Les trottoirs de Buenos Aires

Les trottoirs de Buenos Aires

9 février 2025 Non Par Paul Rassat

Les nourritures artistiques, humaines et terrestres entretiennent le séjour de Jean-Pierre Montmasson à Buenos Aires. Les gens, la musique, les trottoirs, les cafés tissent des ponts.

« On choisit pas non plus les trottoirs de Manille
De Paris ou d’Alger pour apprendre à marcher
Être né quelque part
Être né quelque part, pour celui qui est né
C’est toujours un hasard… » chante Maxime Le Forestier.

Les trottoirs…Très tard, hier soir via Bolivar devant la boutique Vintage de ma devenue amie Rosana.  Comme je suis en quête d’achat d’un bandonéon elle a fait venir un professeur spécialement. Les trottoirs toujours, lieu de métissages d’instruments et de rencontres.
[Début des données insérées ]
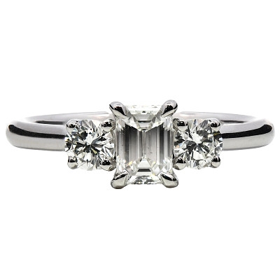 A brand-new, unused GIA-certified natural diamond three-stone cluster ring, with one emerald-cut diamond to the centre & two brilliant-cut diamonds to the sides, set in platinum.

Je vous embrasse, depuis ce Trottoir de Buenos Aires.

El Portego

Ne pas oublier les nourritures du corps. 600 grammes de très bonne viande, tenue au chaud dans un récipient spécialement adapté, légumes, pommes de terre. Les nourritures terrestres sont en harmonie avec les nourritures humaines. Troisième mi temps après le match au Huracan stadium sur invitation de mes amis vintage Rosana et Danièle. Sur les trottoirs de San Telmo, tango à gogo.

Tango, Malbec, ça tangue mais en harmonie avec la ville et avec les gens.

— Jean-Pierre a emporté à Buenos Aires son livre d’aquarelles. Il laissera un peu de lui en Argentine, et rapportera à Annecy quelque chose de là-bas. D’après Andrea Marcolongo dans son Étymologies pour survivre au chaos, le voyage n’est pas le déplacement géographique d’un point à un autre. Le mot vient du latin viaticum, viatique, « tout ce qu’il faut pour voyager ». Le voyage est donc autant sinon plus un état d’esprit, une disposition à l’aventure que le déplacement géographique. Une sorte d’échange entre soi et soi grâce à la rencontre des autres. Le voyage est «  une vacance de nous-mêmes »

Depuis hier j’ai changé de quartier; hier a el Tigre dans l’embouchure du Rio Parana, à l’ouest du Rio de la Plata. Aujourd’hui le vieux quartier des immigrés de La Bocca pour 4 à 5 jours. Quartier un peu dangereux jour et nuit. Je teste avec mon amie Renata, multimétissée: mère Serbe, née au Panama, a vécu à Brasilia, habite maintenant ici à San Telmo. Mes carnets se remplissent d’aquarelles, de notes. Les cafés, bars et restos divers sont des lieux de rencontres privilégiés avec les trottoirs à tangos. Le souvenir de Borges habite l’un de mes bars préférés.

Reste des tas de lieux où s’égarer. Rarement une grande mégalopole a aussi bien répondu à mes attentes, au monde que je transporte, réel et imaginaire entrelacés.

Bar années 50, dont les miroirs non déformants respectent la réalité. Journal du jour qui glorifie le mythe Messi et aquarelle personnelle, interprétation de la réalité. C’est la ronde éternelle !

Décidément, le bandonéon est l’un des fils conducteurs de mon escale à Buenos Aires. Deux musiciens m’ont rejoint sur un trottoir défoncé  pour démarrer des tangos à coups de soufflets, comme aurait pu l’écrire Albert Simonin. De mon port d’attache qu’est cette boutique Vintage où je l’ai trouvé par hasard, l’ instrument rythme mes rencontres, mes découvertes.

Les correspondances entre l’imaginaire du voyage et la réalité vécue transportent le voyageur. Ici, l’accord est plus que total. La réalité dépasse l’objet du voyage, dépasse l’essence même de celui ci et me porte au delà de cette réalité…

À bord de deux ponts transbordeurs que sillonnent des camions chargés de containers pesant 45 tonnes. Tout vibre ! Le corps, l’esprit…Après la musique des trottoirs, celle de ces gigantesques structures.

Video renversante — Il y a quelques années, Kenneth White avait bien voulu répondre à des questions d’avant Talpa Mag. Voici quelques lignes de sa main : « Le nomade intellectuel traverse des territoires, à la recherche de foyers de culture perdus, et entretient un contact à la fois intelligent et sensible avec notre monde terraqué, qui est autrement plus complexe que ce nous appelons, pauvrement, environnement. »

Jean-Pierre, avec ses rencontres, retrouve l’esprit des migrants, la musique des gens et des lieux.